她听到脚步声,抬起头,看到是我,非但不惊,反而得意地勾起了唇角。
“沈姐姐,这么晚了,来我这儿有事吗?”
她故意将那枚平安扣举到眼前,对着月光细细端详,指尖爱不释手地摩挲着。
“还给我。”我声音嘶哑得不像话。
顾妗娇笑一声,站起身,慢悠悠地走到我面前。
“姐姐说什么呢?这可是淮序送我的定情信物,怎么能是你的呢?”
“他说,这玉佩,见玉如见人,见证的是我们未来的情意呢。

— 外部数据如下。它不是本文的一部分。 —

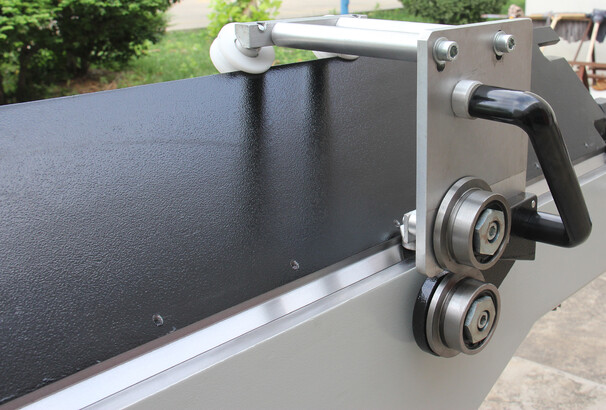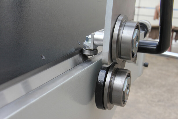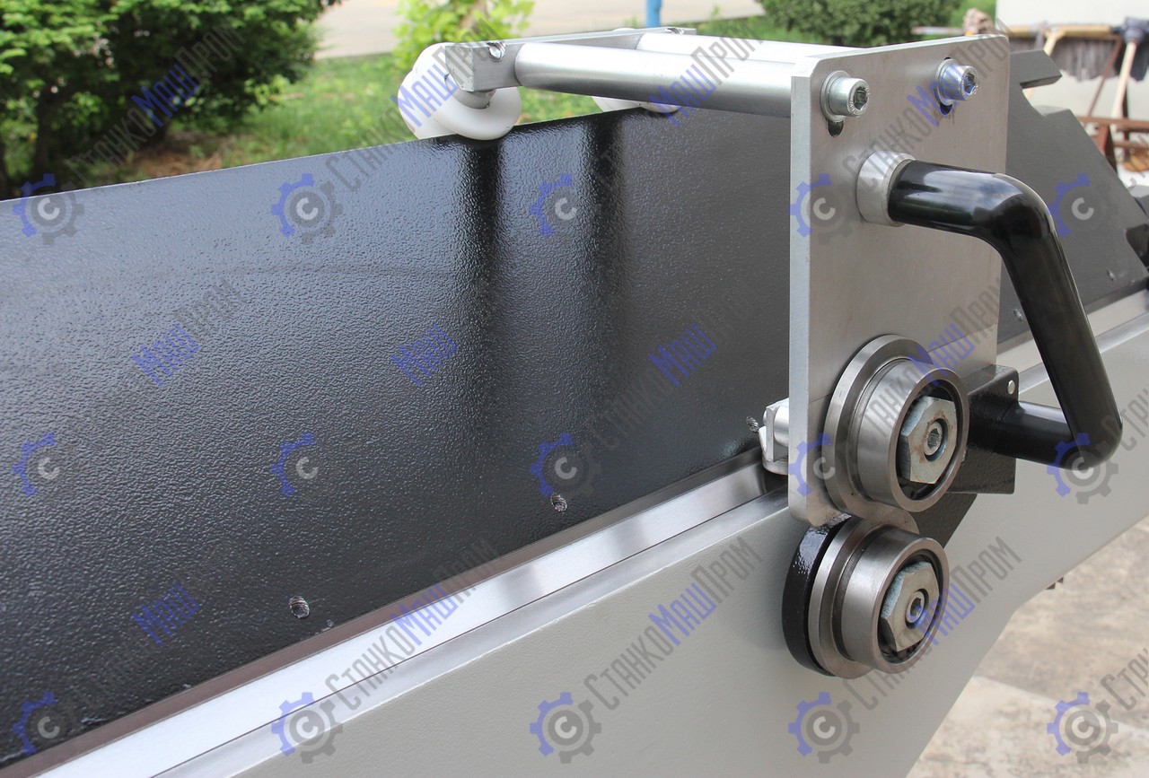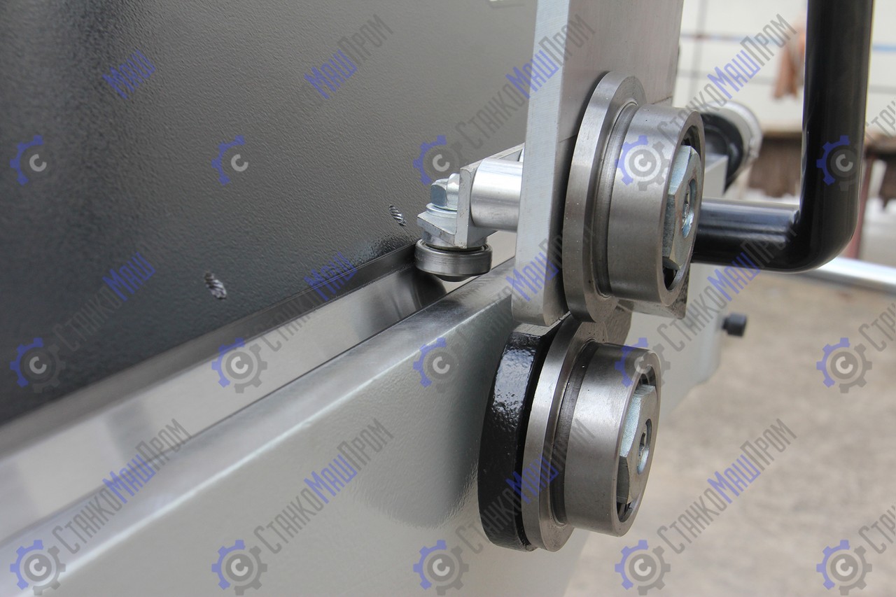 - Направляющий вертикальный узел перемещения прижимной балки, позволяет фиксировать лист с более сильным усилием-прижимом по всей длине станка

”
字字诛心。
我再也忍不住,伸手就朝那块玉佩夺去!
顾妗像是早有预料,身子灵巧地一侧,躲开了我的手。
而她握着玉佩的那只手,却在空中划过一道诡异的弧线。
然后,松开。
“啪——”
一声清脆到极致的碎裂声,在寂静的夜里,炸得我耳膜嗡嗡作响。
那块曾被我视若性命的暖玉,就这么直直地摔在青石板上。
四分五裂。
我僵在原地,浑身的血液仿佛在这一刻凝固。
我缓缓地,缓缓地蹲下身,伸出颤抖的手,想去捡拾那些碎片。
可那玉佩碎得太彻底了,像我的心,破烂不堪。
“沈姐姐,我这般伏低做小你还不满意,非要抢走淮序送我的东西吗?”顾妗抹着眼泪,整个人柔弱无骨地向后倒去。
恰好,倒在了一个坚实的怀抱里。
是追过来的沈淮序。
他甚至没看地上发生了什么,第一时间扶住顾妗,满眼紧张。
“妗妗,你没事吧?”
顾妗在他怀里瑟瑟发抖,眼泪说来就来,指着我泣不成声:“淮序……姐姐她……她不由分说非要来抢你送我的东西,害得我没拿稳……”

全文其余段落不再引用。